▸ **Stored data**

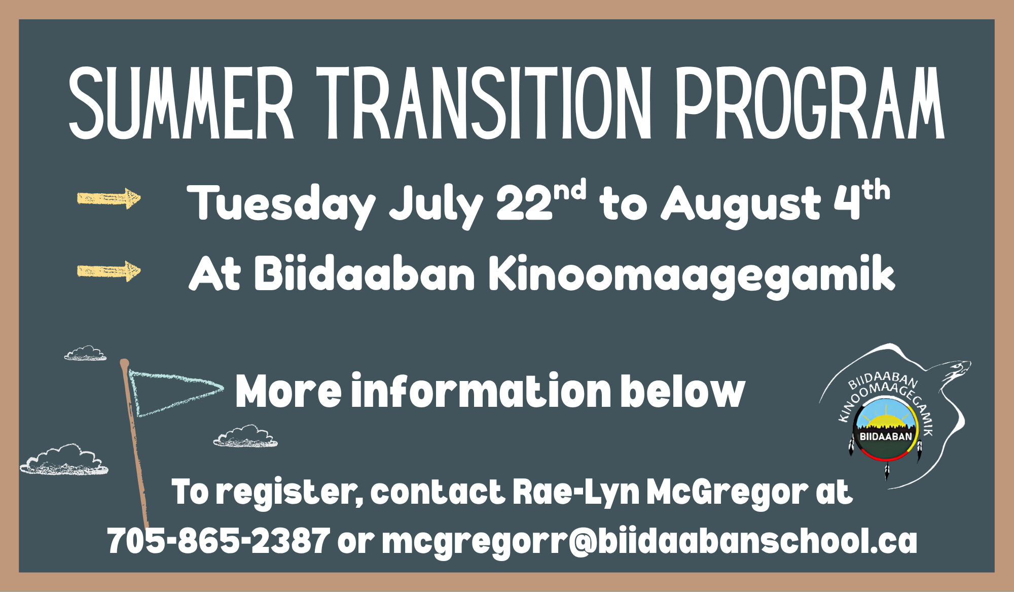 Phone: 705-865-2387 email: mcgregorr@biidaabanschool.ca
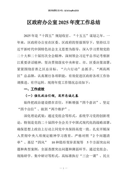 / 【七哥公文】2026年:区政府办公室2025年度工作总结+更多免费公文+VX:QiGeGongWen2024
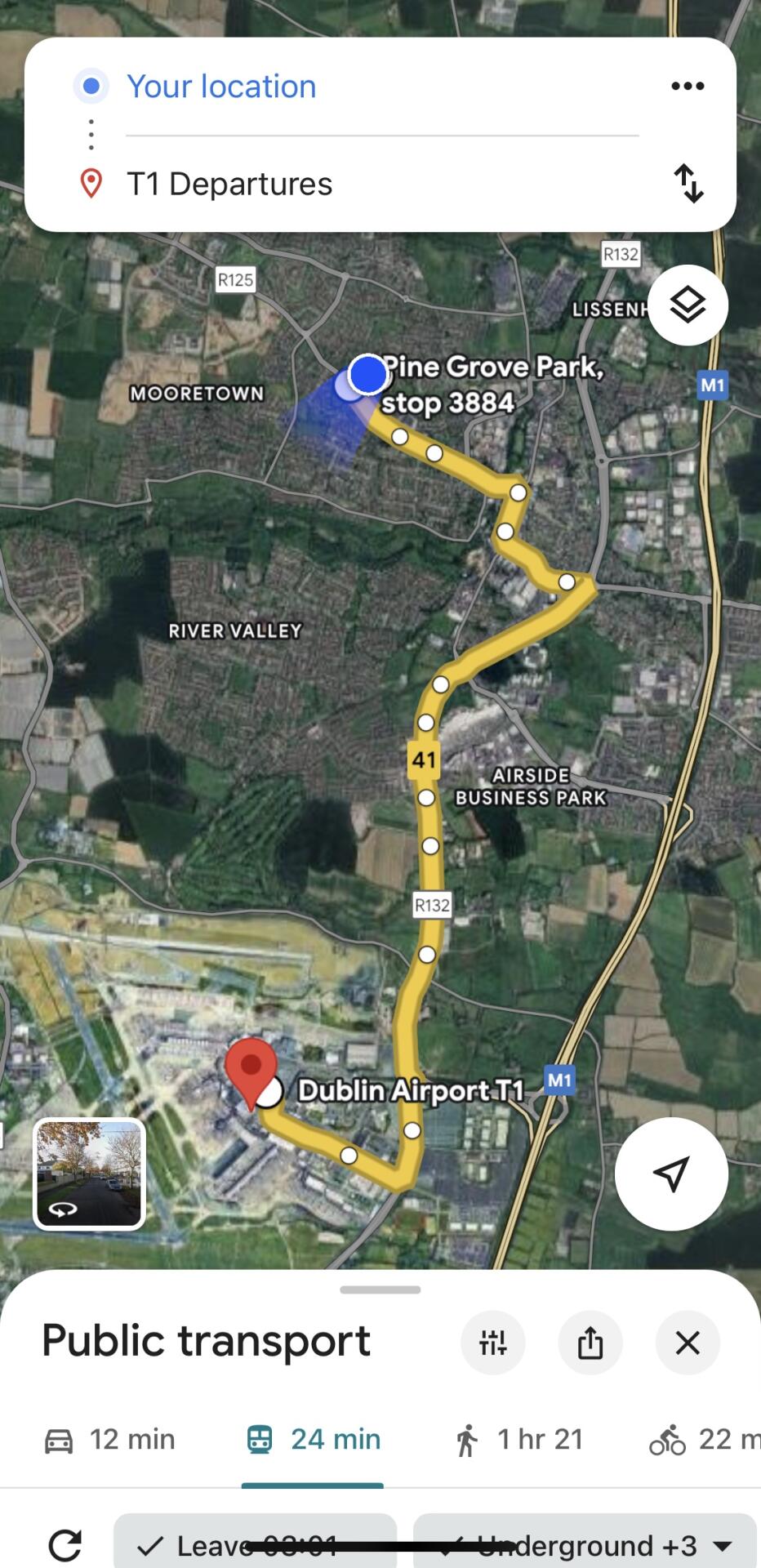 3 minutes walk to nearest bus stop (No. 3884 - to Dublin Airport/City Centre)

▸ **Task details**
Quote the listing above in full, except for the pictures.

▸ **Written solution**
 Phone: 705-865-2387 email: mcgregorr@biidaabanschool.ca
 / 【七哥公文】2026年:区政府办公室2025年度工作总结+更多免费公文+VX:QiGeGongWen2024
 3 minutes walk to nearest bus stop (No. 3884 - to Dublin Airport/City Centre)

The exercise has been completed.